Exact copies of all the lines below are wanted, without a single picture.

§ **Given material**:
---------------
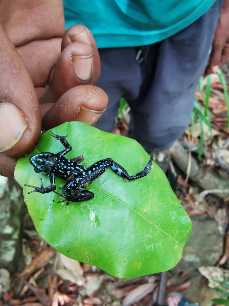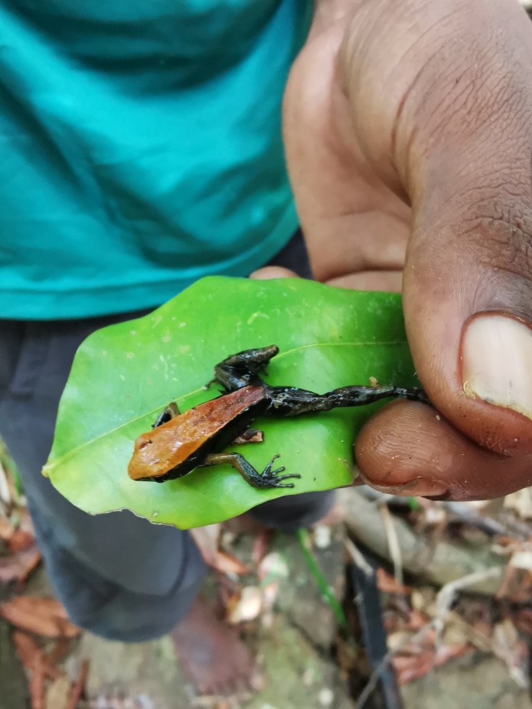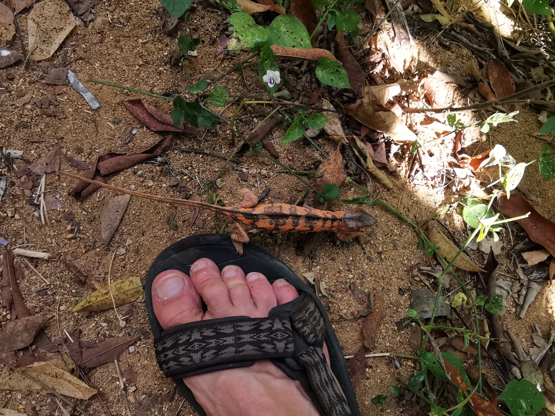 Après cette jolie balade au fil de l’eau et ce premier contact avec le parc national, nous rentrons nous reposer un moment dans notre bungalow. Nous profitons de ce temps libre et du calme pour avancer un peu dans le travail scolaire avec les filles. Notre souper nous est livré tôt, vers 17h30, car nous avons bientôt rendez-vous avec un guide pour une sortie de nuit. Ce soir, nous avons droit à des brochettes de zébu, du riz et des haricots, c’est très bon 😋! Une fois nos ventres bien remplis, nous partons pour notre deuxième activité de la journée, une sortie nocturne dans les sentiers du parc afin d’y découvrir la faune dans le noir. Ces sorties de nuit sont toujours très sympas et nous nous réjouissons de déambuler à la recherche des animaux à la lumière de nos torches. Pas besoin de veiller tard pour qu’il fasse noir, dès 18h la nuit est bien présente, ce qui nous arrange bien. Nous retrouvons notre guide et nous partons pour environ 1h30 de marche dans la forêt. Les sentiers sont bien marqués et balisés et nous n’avons aucune peine à nous déplacer, nos regards pouvant se concentrer sur les environs. Le guide ne tarde pas à nous montrer plusieurs petits lézards, dont le plus petit de l’île, qui fait à peine 5cm 🦎.
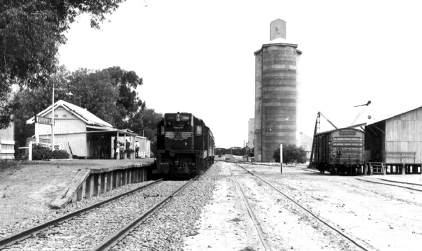 The Grain Elevators Board opened a concrete 110,000 bushel grain elevator in November 1939. This was the first concrete silo in Victoria and was officially opened by Cr. E.D. Lackmann of the Murrayville Riding of the Shire of Walpeup on 21-11-1939. The first wheat to be delivered to the silos was grown by Mr. G.J. Cassens. The elevator was positioned on the dead end extension at the down end and three sheds were required to be removed to allow the site to be used. These sheds were privately owned by farmers for transferring bags of superphosphate from rail trucks to wagons thus avoiding extra lifting and lumping of heavy bags.
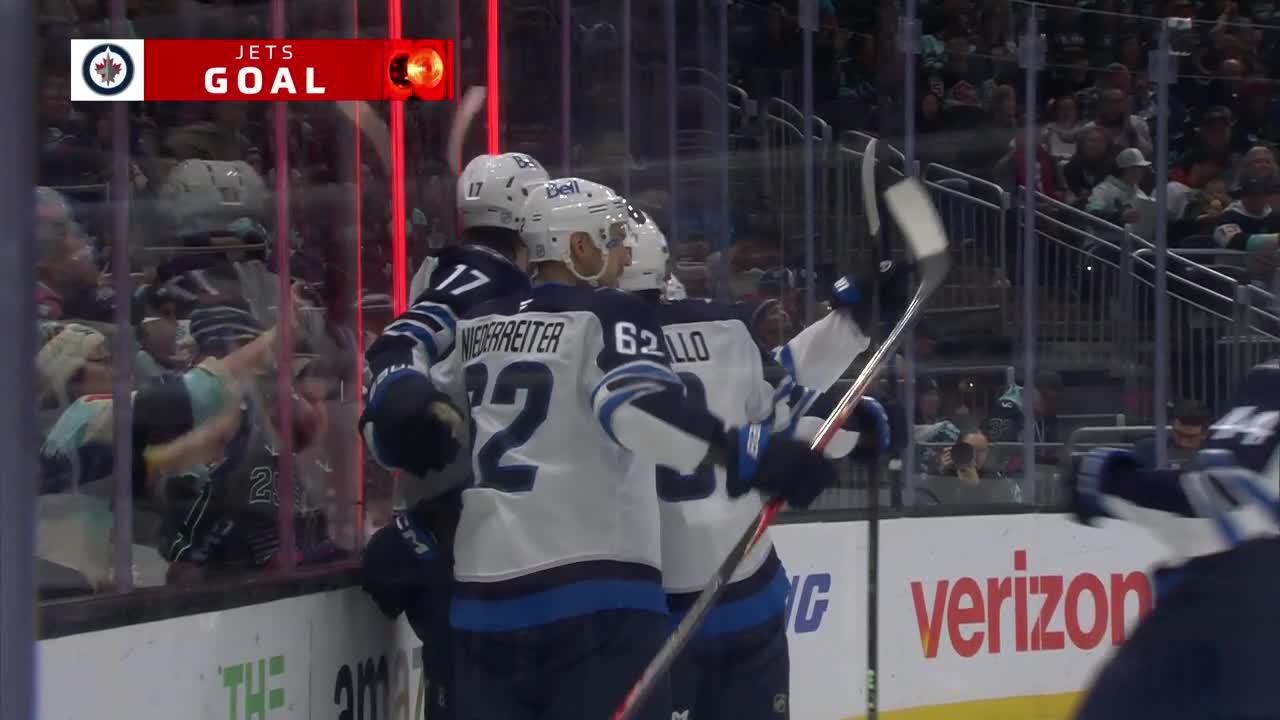 Things were tied after the first but the Jets lethal top line didn't waste long to make their presence felt. Winnipeg center Mark Scheifele found room behind the Seattle defense and opened up for a breakaway as defenseman Neal Pionk, hit him with a perfect breakout pass for a solo chance. Scheifele buries the shot to put the Jets back up.
---------------
§ **Task output**:
 Après cette jolie balade au fil de l’eau et ce premier contact avec le parc national, nous rentrons nous reposer un moment dans notre bungalow. Nous profitons de ce temps libre et du calme pour avancer un peu dans le travail scolaire avec les filles. Notre souper nous est livré tôt, vers 17h30, car nous avons bientôt rendez-vous avec un guide pour une sortie de nuit. Ce soir, nous avons droit à des brochettes de zébu, du riz et des haricots, c’est très bon 😋! Une fois nos ventres bien remplis, nous partons pour notre deuxième activité de la journée, une sortie nocturne dans les sentiers du parc afin d’y découvrir la faune dans le noir. Ces sorties de nuit sont toujours très sympas et nous nous réjouissons de déambuler à la recherche des animaux à la lumière de nos torches. Pas besoin de veiller tard pour qu’il fasse noir, dès 18h la nuit est bien présente, ce qui nous arrange bien. Nous retrouvons notre guide et nous partons pour environ 1h30 de marche dans la forêt. Les sentiers sont bien marqués et balisés et nous n’avons aucune peine à nous déplacer, nos regards pouvant se concentrer sur les environs. Le guide ne tarde pas à nous montrer plusieurs petits lézards, dont le plus petit de l’île, qui fait à peine 5cm 🦎.
 The Grain Elevators Board opened a concrete 110,000 bushel grain elevator in November 1939. This was the first concrete silo in Victoria and was officially opened by Cr. E.D. Lackmann of the Murrayville Riding of the Shire of Walpeup on 21-11-1939. The first wheat to be delivered to the silos was grown by Mr. G.J. Cassens. The elevator was positioned on the dead end extension at the down end and three sheds were required to be removed to allow the site to be used. These sheds were privately owned by farmers for transferring bags of superphosphate from rail trucks to wagons thus avoiding extra lifting and lumping of heavy bags.
 Things were tied after the first but the Jets lethal top line didn't waste long to make their presence felt. Winnipeg center Mark Scheifele found room behind the Seattle defense and opened up for a breakaway as defenseman Neal Pionk, hit him with a perfect breakout pass for a solo chance. Scheifele buries the shot to put the Jets back up.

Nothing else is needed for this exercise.